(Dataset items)
-- Opening Marker --

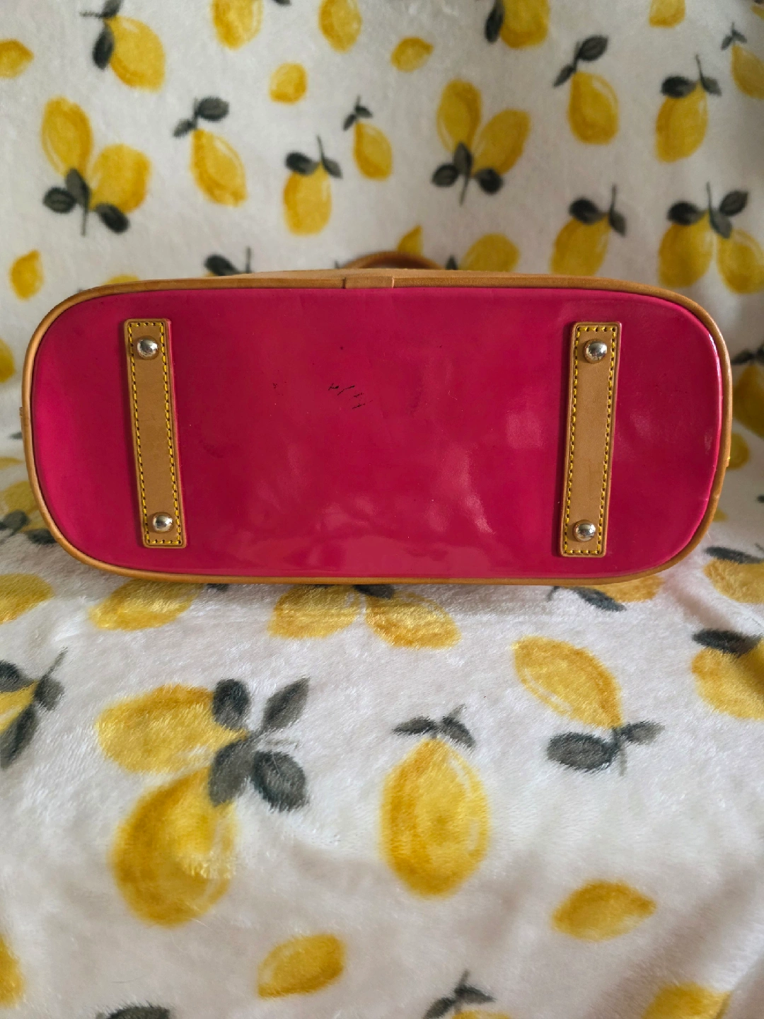 ⭕️ Authentic Dooney and Bourke ⭕️ Patent leather ⭕️ Preloved but still nice condition (see photos for imperfections) ⭕️ Hot pink colour ⭕️ Spacious inside ⭕️ Has a key holder hook inside ⭕️ No tears, marks, or peelings on the handles ⭕️ This is a handbag, no crossbody strap 📍 Meet up in Kingsway Mall or at Purolator store in 11220 104 Ave. NW Edmonton. Thanks for dropping by! 👍
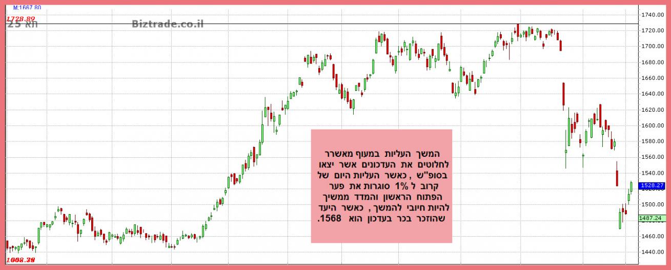 המדד נמצא במגמת עלייה מאז ה קו ב 1044 , ומרגע הפריצה של קו ה 1360 הוא המשיך בעלייתו לקראת אותו שיא השיאים ב 1729 בו שהה כ 5 חודשים בתחום שבין ה 1600 -- 1700 , ולפני חודש יצר הגרף תבנית נרות יפנים להיפוך בשם בולען דובי.
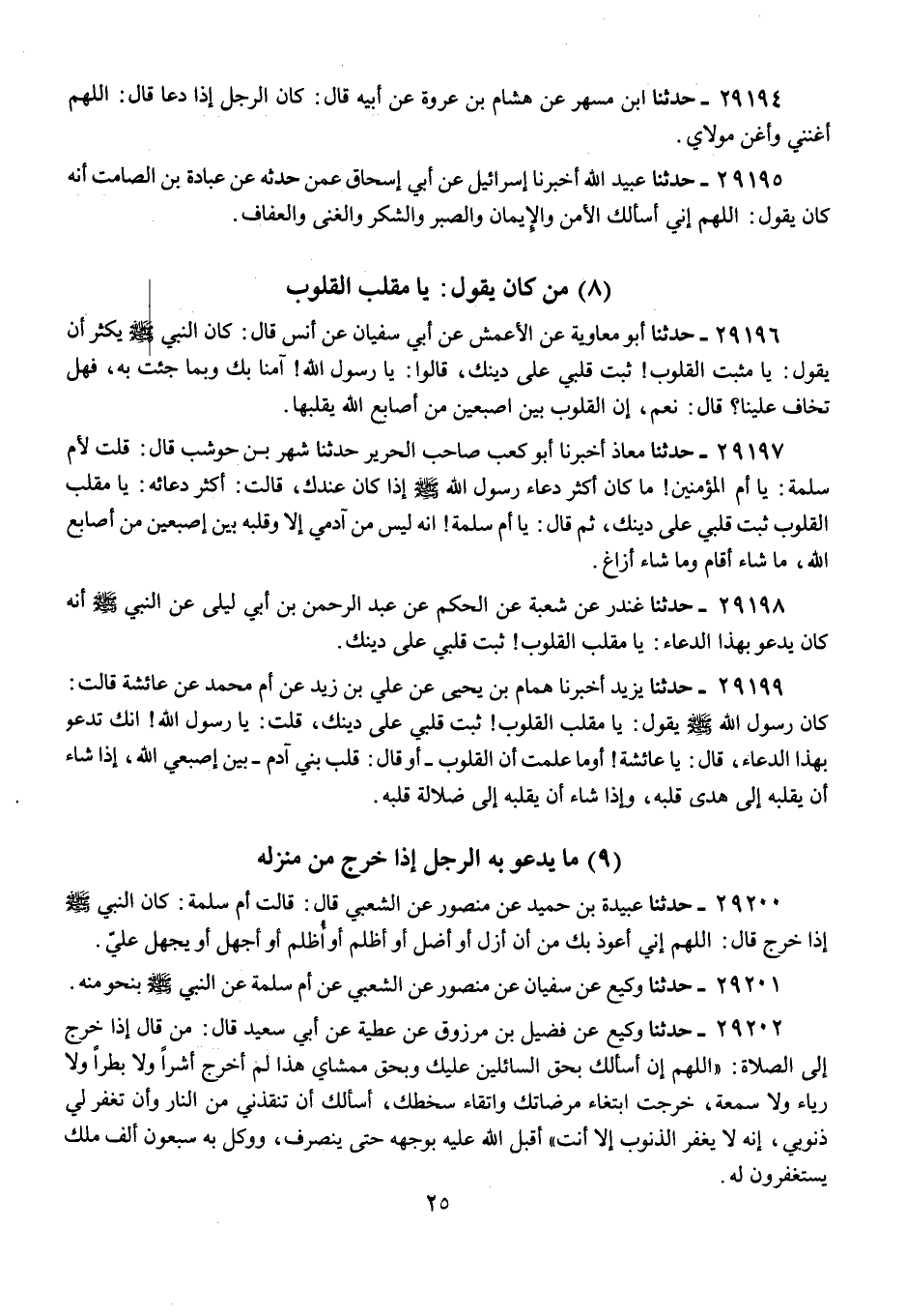 29200 - حَدَّثَنَا عَبِيدَةُ بْنُ حُمَيْدٍ، عَنْ مَنْصُورٍ، عَنِ الشَّعْبِيِّ، قَالَ: قَالَتْ أُمُّ سَلَمَةَ: كَانَ النَّبِيُّ صَلَّى اللهُ عَلَيْهِ وَسَلَّمَ §إِذَا خَرَجَ قَالَ: «اللَّهُمَّ إِنِّي أَعُوذُ بِكَ مِنْ أَنْ أَزِلَّ أَوْ أَضِلَّ، أَوْ أَظْلِمَ أَوْ أُظْلَمَ، أَوْ أَجْهَلَ أَوْ يُجْهَلَ عَلَيَّ»
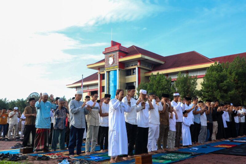 TLii|SUMUT|Medan – Pelaksanaan Shalat Idul Adha 1446 H/2025 M yang digelar pada Jumat, 6 Juni 2025 di wilayah hukum Polda Sumatera Utara berlangsung aman, tertib, dan kondusif. Ribuan umat Muslim menunaikan ibadah di berbagai masjid dan lapangan yang tersebar di seluruh daerah, dengan pengamanan ketat dari aparat gabungan.
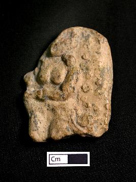 | Description / विवरण | The terracotta plaque depicts a fragmented female figurine, revealing a broken left hand and partially visible face, with prominent breasts. The piece is adorned with intricate decorations. |
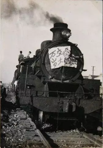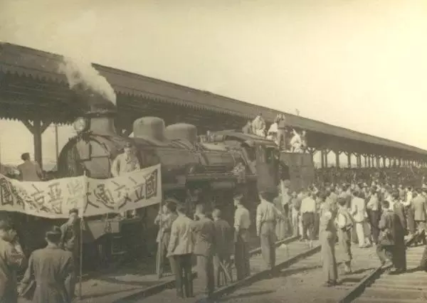 文中一些照片挺珍贵的。但那张47年的火车头上的“交大万岁”怎么会是简体?
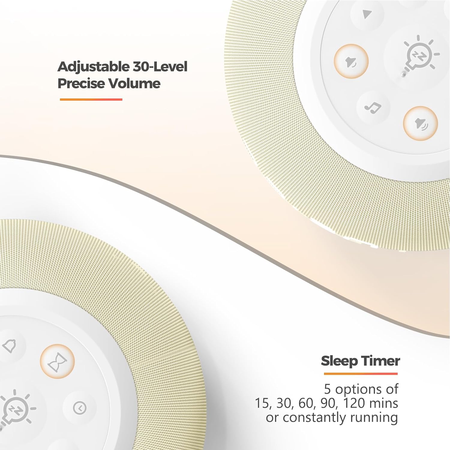 • Sleeping Better with 20 Soothing Sounds: In addition to the regular white noise, fan sound, lullaby and nature sounds(bird, ocean, summer night, thunderstorm, rain...), we have added yoga and meditation music to the latest upgrade. Fall asleep to your favorite sound, it will auto-off at your scheduled time (15 to 120 minutes or non-stop).
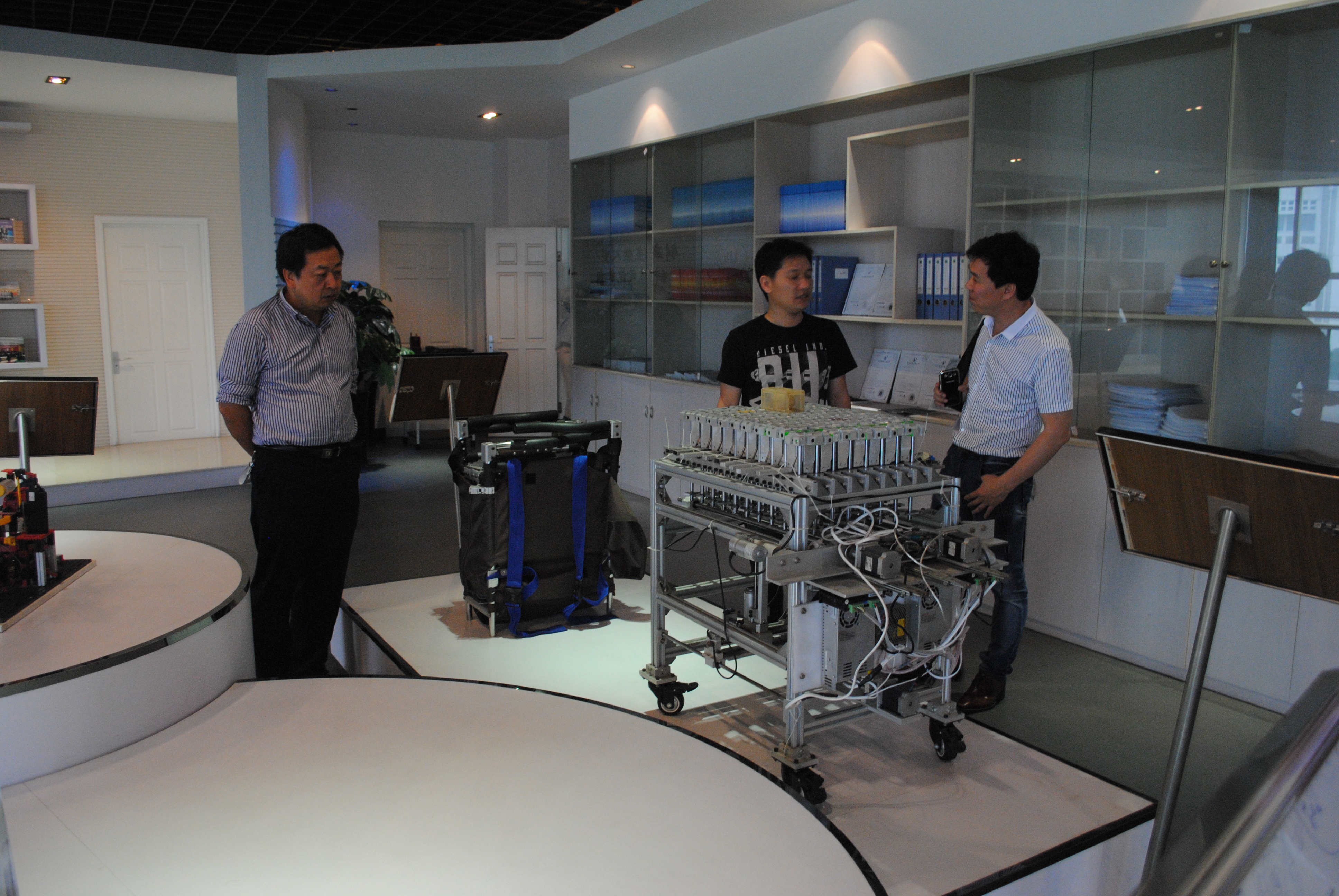 会上,方乐平书记对蔡忠娒董事长一行的到来表示欢迎。李峰平副院长介绍了学院专业设置、学科建设和人才培养的基本情况以及各研究所的科研能力、技术成果及技术服务方向。蔡忠娒董事长对学院的热情接待表示感谢,并介绍了浙江多迪斯泰保健器材有限公司的基本情况,表达了对先进制造技术和高端机电人才需求的意愿。随后蔡忠娒董事长一行参观了学院机械制造系统与自动化工程技术研究中心等实验室和学生科技创新作品展示厅。

-- Closing Marker --

▶ **YOUR GOAL**: The records above are to be restated exactly, with all pictures omitted.

▶ **THE ANSWER**:
 ⭕️ Authentic Dooney and Bourke ⭕️ Patent leather ⭕️ Preloved but still nice condition (see photos for imperfections) ⭕️ Hot pink colour ⭕️ Spacious inside ⭕️ Has a key holder hook inside ⭕️ No tears, marks, or peelings on the handles ⭕️ This is a handbag, no crossbody strap 📍 Meet up in Kingsway Mall or at Purolator store in 11220 104 Ave. NW Edmonton. Thanks for dropping by! 👍
 המדד נמצא במגמת עלייה מאז ה קו ב 1044 , ומרגע הפריצה של קו ה 1360 הוא המשיך בעלייתו לקראת אותו שיא השיאים ב 1729 בו שהה כ 5 חודשים בתחום שבין ה 1600 -- 1700 , ולפני חודש יצר הגרף תבנית נרות יפנים להיפוך בשם בולען דובי.
 29200 - حَدَّثَنَا عَبِيدَةُ بْنُ حُمَيْدٍ، عَنْ مَنْصُورٍ، عَنِ الشَّعْبِيِّ، قَالَ: قَالَتْ أُمُّ سَلَمَةَ: كَانَ النَّبِيُّ صَلَّى اللهُ عَلَيْهِ وَسَلَّمَ §إِذَا خَرَجَ قَالَ: «اللَّهُمَّ إِنِّي أَعُوذُ بِكَ مِنْ أَنْ أَزِلَّ أَوْ أَضِلَّ، أَوْ أَظْلِمَ أَوْ أُظْلَمَ، أَوْ أَجْهَلَ أَوْ يُجْهَلَ عَلَيَّ»
 TLii|SUMUT|Medan – Pelaksanaan Shalat Idul Adha 1446 H/2025 M yang digelar pada Jumat, 6 Juni 2025 di wilayah hukum Polda Sumatera Utara berlangsung aman, tertib, dan kondusif. Ribuan umat Muslim menunaikan ibadah di berbagai masjid dan lapangan yang tersebar di seluruh daerah, dengan pengamanan ketat dari aparat gabungan.
 | Description / विवरण | The terracotta plaque depicts a fragmented female figurine, revealing a broken left hand and partially visible face, with prominent breasts. The piece is adorned with intricate decorations. |
 文中一些照片挺珍贵的。但那张47年的火车头上的“交大万岁”怎么会是简体?
 • Sleeping Better with 20 Soothing Sounds: In addition to the regular white noise, fan sound, lullaby and nature sounds(bird, ocean, summer night, thunderstorm, rain...), we have added yoga and meditation music to the latest upgrade. Fall asleep to your favorite sound, it will auto-off at your scheduled time (15 to 120 minutes or non-stop).
 会上,方乐平书记对蔡忠娒董事长一行的到来表示欢迎。李峰平副院长介绍了学院专业设置、学科建设和人才培养的基本情况以及各研究所的科研能力、技术成果及技术服务方向。蔡忠娒董事长对学院的热情接待表示感谢,并介绍了浙江多迪斯泰保健器材有限公司的基本情况,表达了对先进制造技术和高端机电人才需求的意愿。随后蔡忠娒董事长一行参观了学院机械制造系统与自动化工程技术研究中心等实验室和学生科技创新作品展示厅。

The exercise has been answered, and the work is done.